Ensuite, un prix nettement inférieur au marché s’explique toujours par quelque chose : un périmètre réduit, une automatisation poussée, un volume de pièces limité, ou une part importante du travail laissée au client. Aucune de ces explications n’est illégitime, mais elles doivent être dites.
Faire baisser la facture sans dégrader la mission
Quatre leviers agissent réellement sur le coût, et aucun ne consiste à négocier le tarif horaire.

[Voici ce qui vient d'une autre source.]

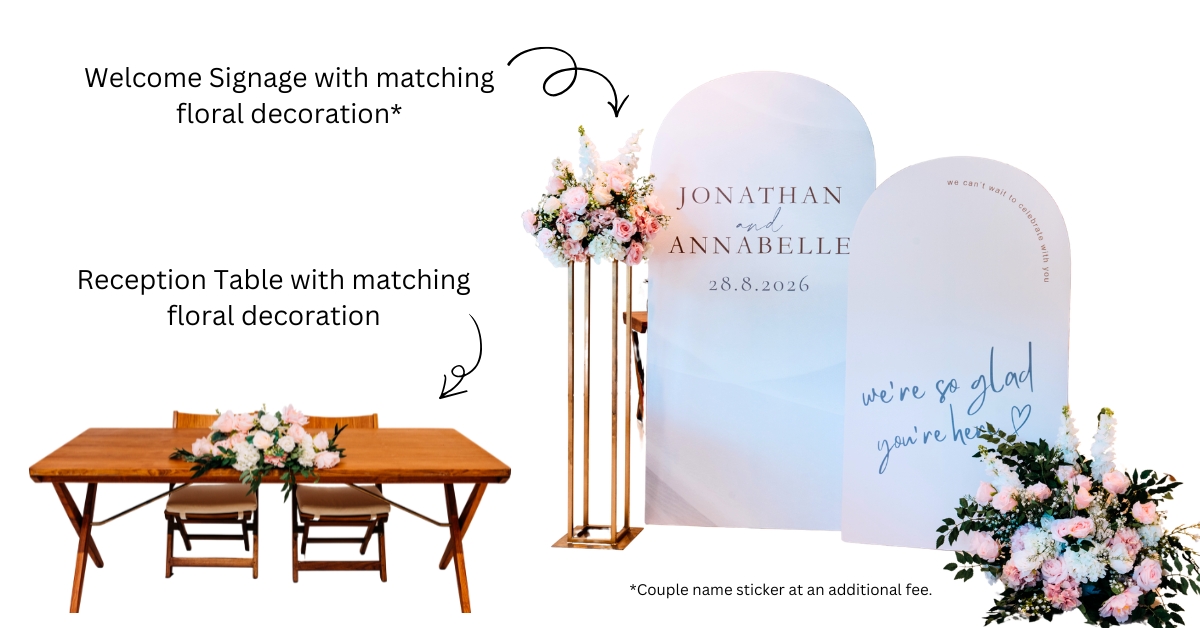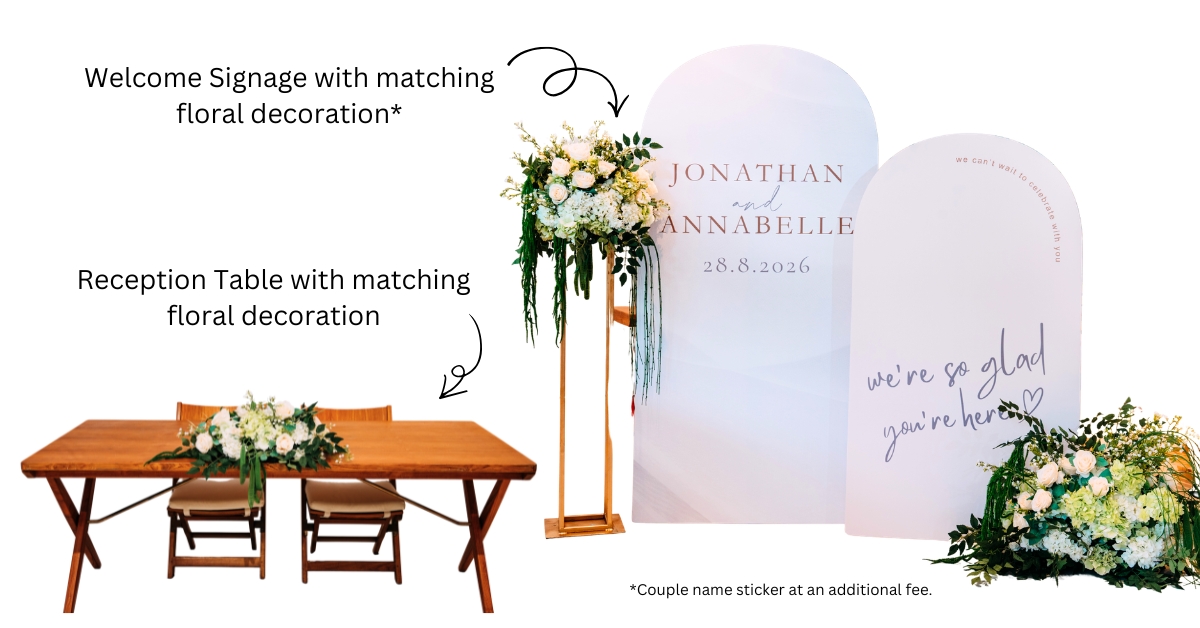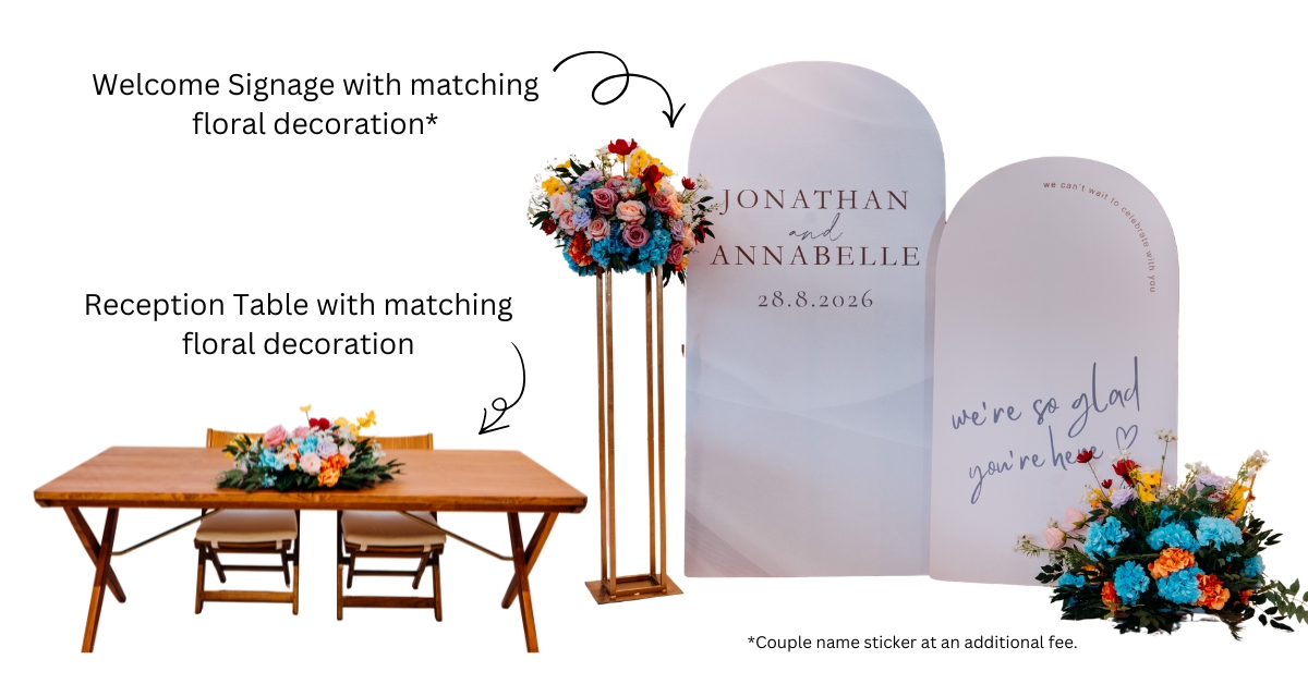 - Additional fees applies for printing of couple names on the welcome signage board.

Le premier est l’organisation du flux de pièces. Déposer les justificatifs au fil de l’eau plutôt que par lots trimestriels, nommer les fichiers de façon cohérente, éviter les paiements mélangés entre compte professionnel et compte personnel : ces habitudes réduisent directement le temps de traitement.
Le deuxième est la numérisation systématique. Portail de dépôt, application mobile de capture, récupération bancaire automatisée et facturation électronique suppriment une part importante de la saisie manuelle, qui reste le poste le plus coûteux d’une mission de tenue.
Le troisième est la régularité mensuelle. Un dossier suivi mois par mois coûte moins cher qu’un dossier traité en bloc après la clôture, parce que les anomalies se corrigent quand l’information est encore fraîche et que le cabinet ne subit pas de pic de charge.
Le quatrième consiste à prendre en charge une partie de la tenue, à condition de le faire correctement. Un dirigeant qui saisit ses ventes et laisse au cabinet la révision et la liasse peut réduire sensiblement ses honoraires. Les limites de cette approche, et le moment où elle devient contre-productive, sont examinées dans notre article consacré à la comptabilité tenue en interne.
Ce qu’il faut retenir avant de signer
La lettre de mission est le document qui compte. Elle fixe le périmètre, la durée, les modalités de révision des honoraires, les prestations facturées en supplément et les conditions de sortie. Sa lecture intégrale, annexes tarifaires comprises, évite l’essentiel des désaccords ultérieurs.
Comparer deux propositions suppose de les réécrire dans un format commun, ligne par ligne, avec les hypothèses de volume retenues par chacune. Un total plus bas assis sur une hypothèse de cent pièces mensuelles ne vaut rien face à un total plus élevé assis sur trois cents.
Enfin, un désaccord tarifaire n’oblige à rien : la relation peut évoluer, et les modalités pratiques d’une transition sont détaillées dans notre guide sur la façon de changer de cabinet proprement. Les seuils, plafonds et régimes évoqués ici évoluent périodiquement : ils se vérifient à l’année en cours auprès d’un professionnel inscrit ou dans les textes officiels.